Dewaine Farria
Dewaine Farria is the author of the novel Revolutions of All Colors (Syracuse University Press, 2020). His short stories and essays have appeared in Literary Hub, The New York Times, The Rumpus, Southern Humanities Review, CRAFT, War on the Rocks, Consequence, and the anthology, Our Best War Stories: Prize-Winning Poetry and Prose from the Col. Darron L. Wright Memorial Award (Middle West Press, 2020).
He has received fellowships from the National Security Education Program (2004), MacDowell (2021, 2022), and the National Endowment for the Arts (2022). A former U.S. Marine, Farria spent much of his professional life with the United Nations, with assignments in the North Caucasus, Kenya, Somalia, and Occupied Palestine. In recognition of his actions during an attack on a UN compound in Mogadishu in June 2013, he received the United Nations Bravery Award. He holds a BS from the University of the State of New York-Albany, an MA in International and Area Studies from the University of Oklahoma, and an MFA in Creative Writing from the Vermont College of Fine Arts. He is working on a novel.

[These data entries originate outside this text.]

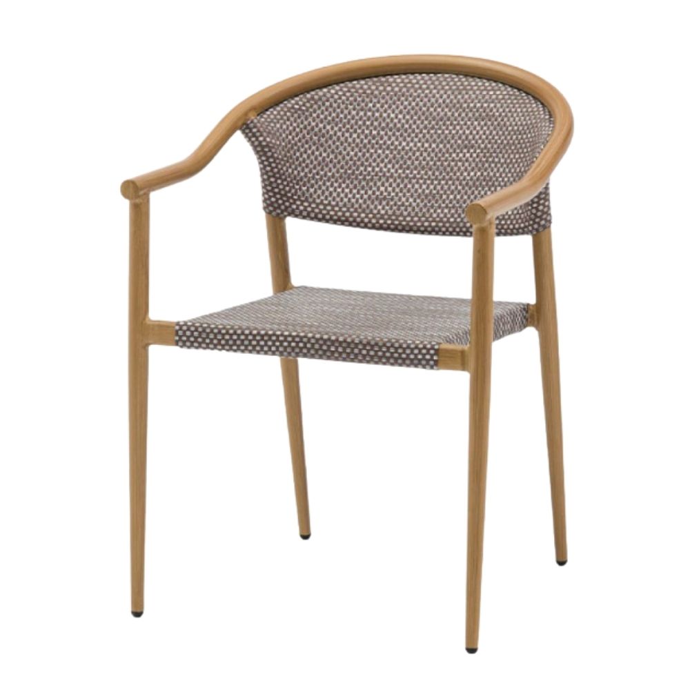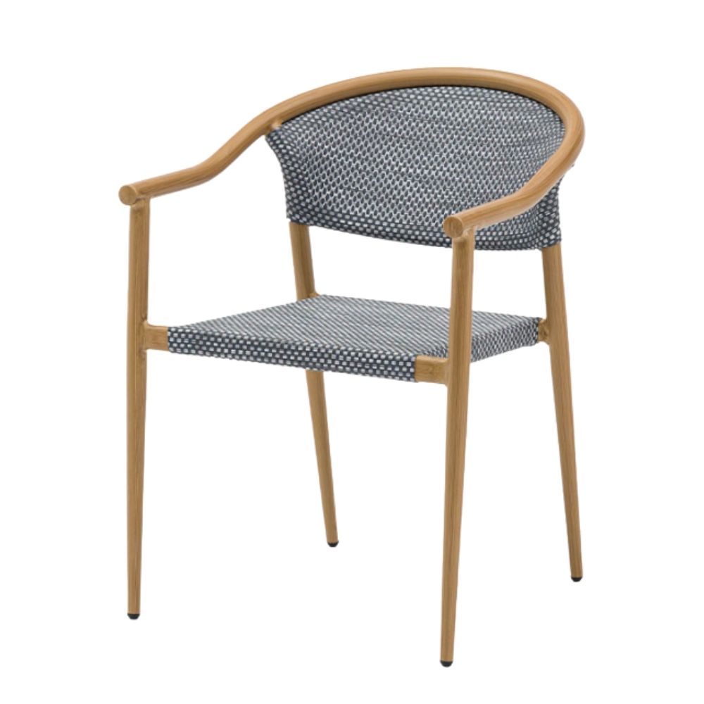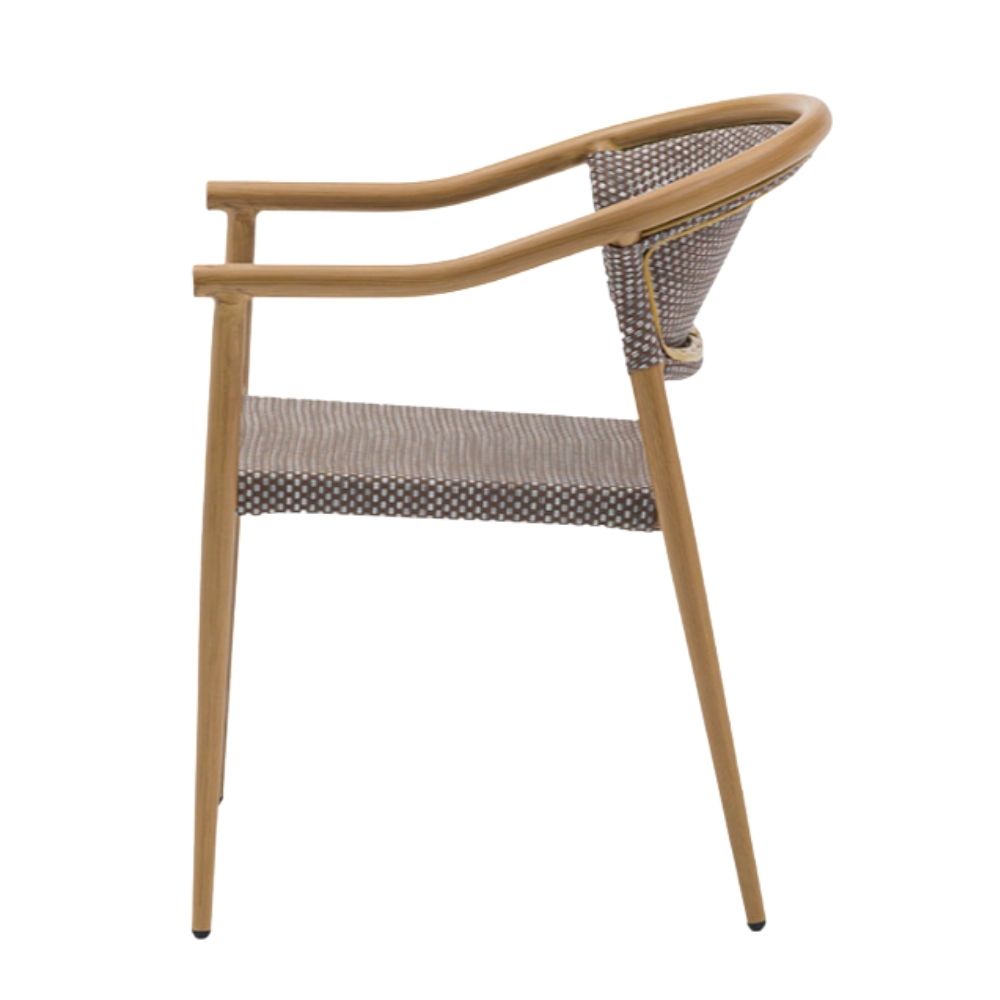 Sillón apilable Manhattan de aluminio imitación deco bambú con asiento y respaldo textilene. Sillón de jardín e interior al mejor precio.
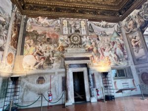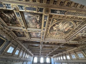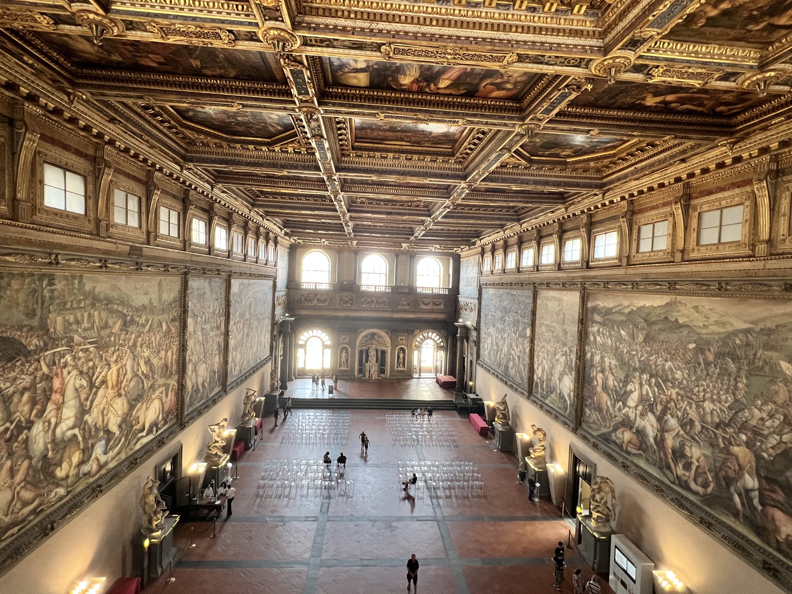 Michelangelo und Leonardo da Vinci sollten die Fresken im Saal der 500 erstellen, dazu kam es nicht. Der Saal ist riesig (54x22m) und die Höhe gigantisch.
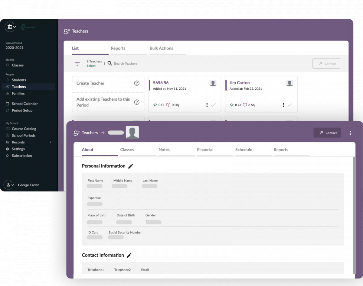 Give your teachers access to their profile; help them efficiently manage their classes, their students, school-related tasks and processes such as keeping gradebooks, create assessments, track attendance and more.
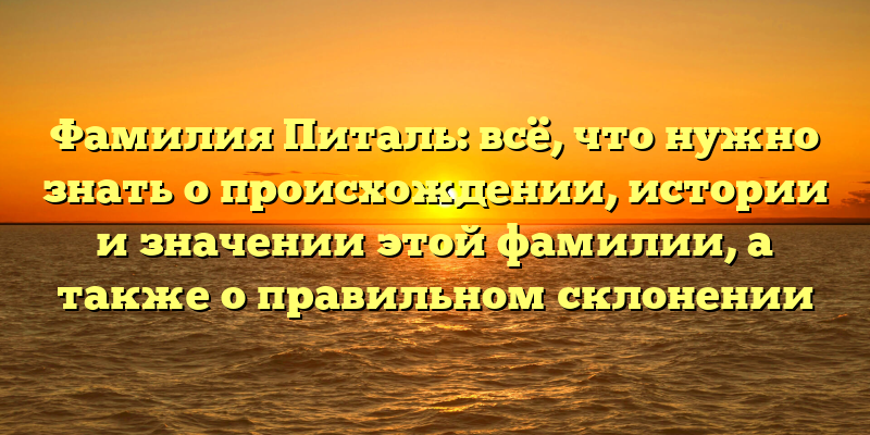 - Фамилия Питаль: происхождение, история и значение фамилии, идеальное склонение — полный гид
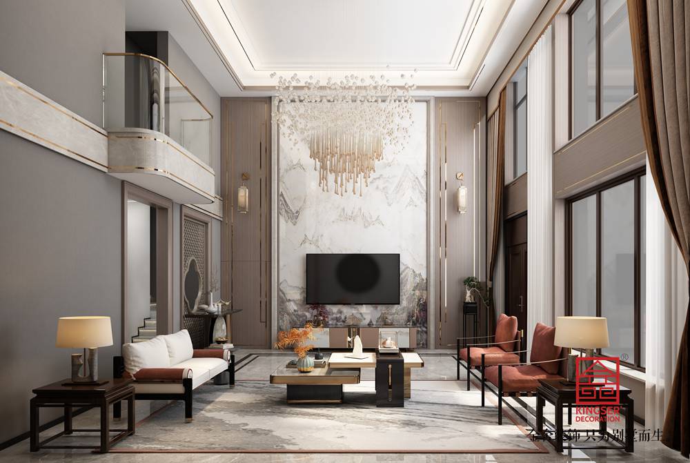 設(shè)計(jì)說明:此案例為石家莊金舍裝飾-榮盛和府別墅480平中式風(fēng)格裝修案例。新中式風(fēng)格從名字上看似乎是兩種風(fēng)格的融合,既有中式風(fēng)格的古典高雅又含有現(xiàn)代風(fēng)格的時尚元素,事實(shí)上新中式風(fēng)格不是純粹的元素堆砌,而是通過對傳統(tǒng)文化的認(rèn)識,將現(xiàn)代元素和傳統(tǒng)元素結(jié)合在一起,以現(xiàn)代人的審美需求來打造富有傳統(tǒng)韻味的事物,讓傳統(tǒng)藝術(shù)在當(dāng)今社會得到合適的體現(xiàn)。
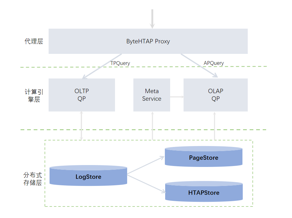 打破 AP(Analytical Processing) 和 TP(Transaction Processing)系统中间的墙:在数据库发展最初阶段,其实存在只有一个系统,不用区分 TP 和 AP 。伴随着数据量的增长,单个系统内部没法既支持 TP 又支持 AP, 因此发展出两个方向 OLTP 和 OLAP 。HTAP 的出现能够打破 TP 到 AP 之间的墙,在一个系统中同时去支持这两类负载。实时性:伴随着互联网的发展,互联网企业的数据呈现爆发式增长。TP 和 AP 的用户 pattern 是完全不同的——TP 的 pattern 一般是命中二级索引的简单类查询,再加上一个增、删、改的高频更新操作,但是 AP 系统处理的都是一些复杂的查询。这两种 Workload 本身是非常不同的,所以如果在一个系统里,数据量比较大的前提下去支持这两类负载,基本不太现实。目前许多公司都有两套系统, TP 和 AP 系统,而这样的架构会带来三个问题:一是,实时性要求。数据产生在 OLTP 系统里,然后经过 ETL 的清洗流入到数据仓库之后,数据通常会存在分钟级甚至小时级、天级的延时。二是,数据一致性的要求。当前许多用户的使用场景都是把数据从 TP 的系统导入到 AP 的系统,在多个系统之间维护一致性非常困难;三是,成本,包括人力/硬件成本。以上是业界提出 HTAP 的背景,在字节跳动,我们希望进行横向融合探索,通过对外提供 everything is SQL 的接口;在内部,不管是 TP 还是 AP,PG 还是 MySQL,通过设置统一的处理层来简化业务应用数据管理体系。
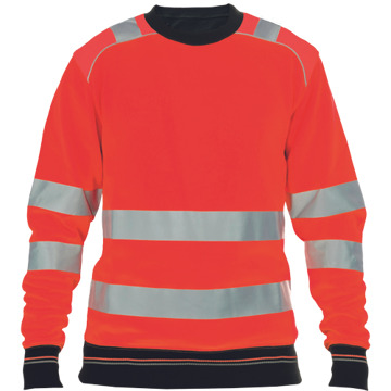 Popis: pánská HI-VIS mikina s kulatým průkrčníkem z počesaného výplňku směsi polyesteru a bavlny; kontrastní proužky v nápletech rukávů a spodním lemu; dvojice reflexních pruhů po obvodu pasu a rukávů a přes ramena; dekorativní prošití v HI-VIS barvě.
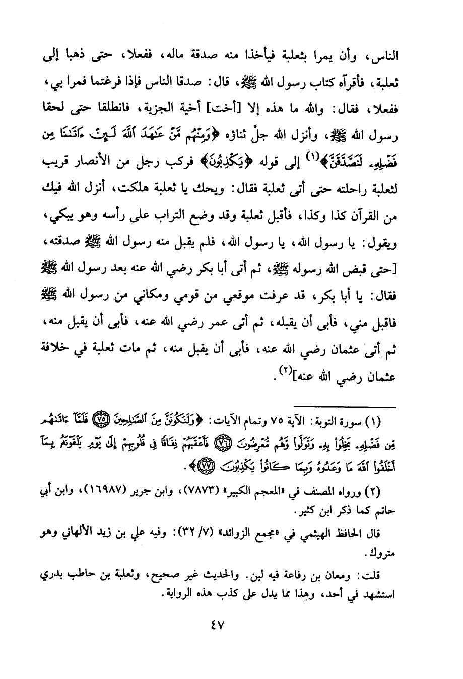 الناس، وأن يمرا بثعلبة فيأخذا منه صدقة ماله، ففعلا، حتى ذهبا إلى ثعلبة فأقرآه كتاب رسول الله صلى الله عليه وسلم، قال: صدقا الناس فإذا فرغتما فمرا بي، ففعلا، فقال: والله ما هذه إلا أخية الجزية، فانطلقا حتى لحقا رسول الله صلى الله عليه وسلم، وأنزل الله جل ثناؤه {ومنهم من عاهد الله لئن آتانا من فضله لنصدقن} [التوبة: 75] إلى قوله {يكذبون} [التوبة: 77] فركب رجل من الأنصار قريب لثعلبة راحلته حتى أتى ثعلبة، فقال: ويحك يا ثعلبة هلكت، أنزل الله فيك من القرآن كذا وكذا، فأقبل ثعلبة وقد وضع التراب على رأسه وهو يبكي ويقول: يا رسول الله، يا رسول الله، فلم يقبل منه رسول الله صلى الله عليه وسلم صدقته حتى قبض الله رسوله صلى الله عليه وسلم، ثم أتى أبا بكر رضي الله عنه بعد رسول الله صلى الله عليه وسلم فقال: يا أبا بكر قد عرفت موقعي من قومي ومكاني من رسول الله صلى الله عليه وسلم فاقبل مني فأبى أن يقبله، ثم أتى عمر رضي الله عنه فأبى أن يقبل منه، ثم أتى عثمان رضي الله عنه فأبى أن يقبل منه، ثم مات ثعلبة في خلافة عثمان رضي الله عنه "@
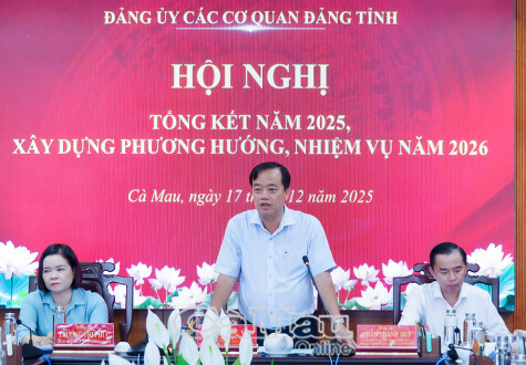 Báo Cà Mau Chiều 17/12, Đảng uỷ Các cơ quan Đảng tỉnh Cà Mau tổ chức Hội nghị tổng kết công tác năm 2025 và triển khai phương hướng, nhiệm vụ năm 2026.
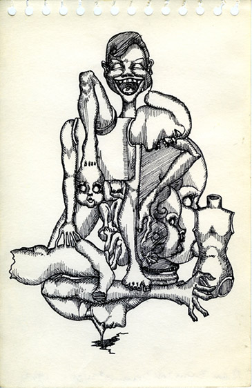 Rapidograph and/or pencil on paper, each 8½ x 5½" (21.5 x 14 cm). Detail: #31 of 35, India ink and
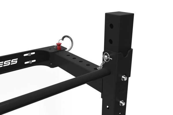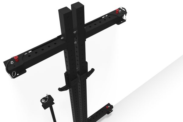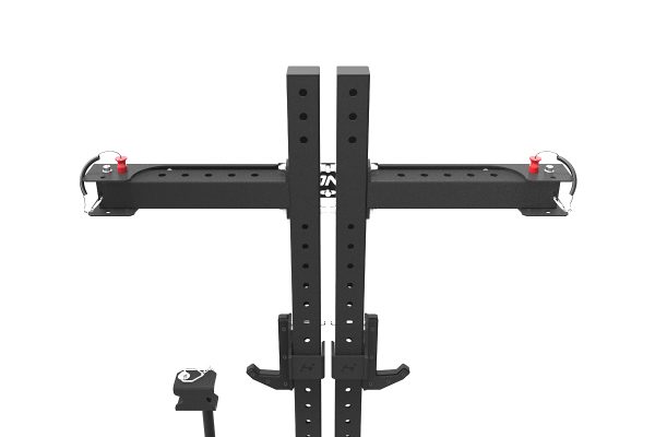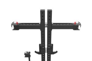 Das Komplett-System wird standardmäßig mit zwei Uprights, Wandverankerungen inklusive Scharnieren, einer integrierten Pull up-Bar und J-Cups für die Hantelablage geliefert. Optional kann das ELITE RIG Zubehör wie Safety Spotter, Core-Trainer oder Dip Bar an das Rack montiert werden.

PRAISE FOR REVOLUTIONS OF ALL COLORS
A wonderfully kaleidoscopic portrait emerges of Black masculinity. . . . This grips the reader from start to finish. ― Publishers Weekly
Revolutions of All Colors masterfully conveys, in just 200 pages, the heaviness of lives constantly under examination because of race and sexuality, and their love for their country, each other, and themselves. ― Book Riot
Farria writes with vibrant, breathtaking elegance, unabashed to imbue even bleak corners of the world with shades of humor and simmering sexuality. ― Shelf Awareness
Revolutions of All Colors is a vivid, original novel of young men struggling with questions of race, injustice, personal and political violence; of responsibility to family, friends, lovers, sexual identity—of what it means to be a man. . . . It is a remarkable achievement. ― Tobias Wolff
There’s such ambition and such range in Farria’s superb Revolutions of All Colors, which traces the American relationship to war and policing and race and violence and masculinity across forty years within one fascinating family. With vibrant characters and masterful evocations of everything from the work of contractors in 2000s Somalia to that of Black Panthers in 1970s New Orleans, this is a compulsively readable novel and a wonderful meditation on the complexities of American identity. ― Phil Klay, author of Redeployment, winner of the National Book Award
Gabriel Mathis, a twenty-three-year-old aspiring fantasy writer and reluctant Russophile, travels to Ukraine to teach English and meets the love of his life: an international arms dealer very much out of his league. Simon—a former Special Forces medic, torn over a warped sense of duty and a child he did not want—returns to the US to pursue his dream of becoming a mixed martial artist. After spending his adolescence defending his bisexuality, Michael makes his mark in New York’s fashion industry while nursing resentment for a community that never accepted him. Farria traces the lives of brothers Michael and Gabriel and their friend Simon from adolescence to their mid-twenties, through Oklahoma, Afghanistan, New York, Somalia, Ukraine, and New Orleans. Revolutions of All Colors is a brash, funny, and honest look at the evolution of characters we don’t often see—black nerds and veterans bucking their community’s rigid parameters of permissible expression while reconciling love of their country with the injustice of it. At its core, this is a novel about the uniquely American dilemma of chiseling out an identity in a country still struggling to define itself.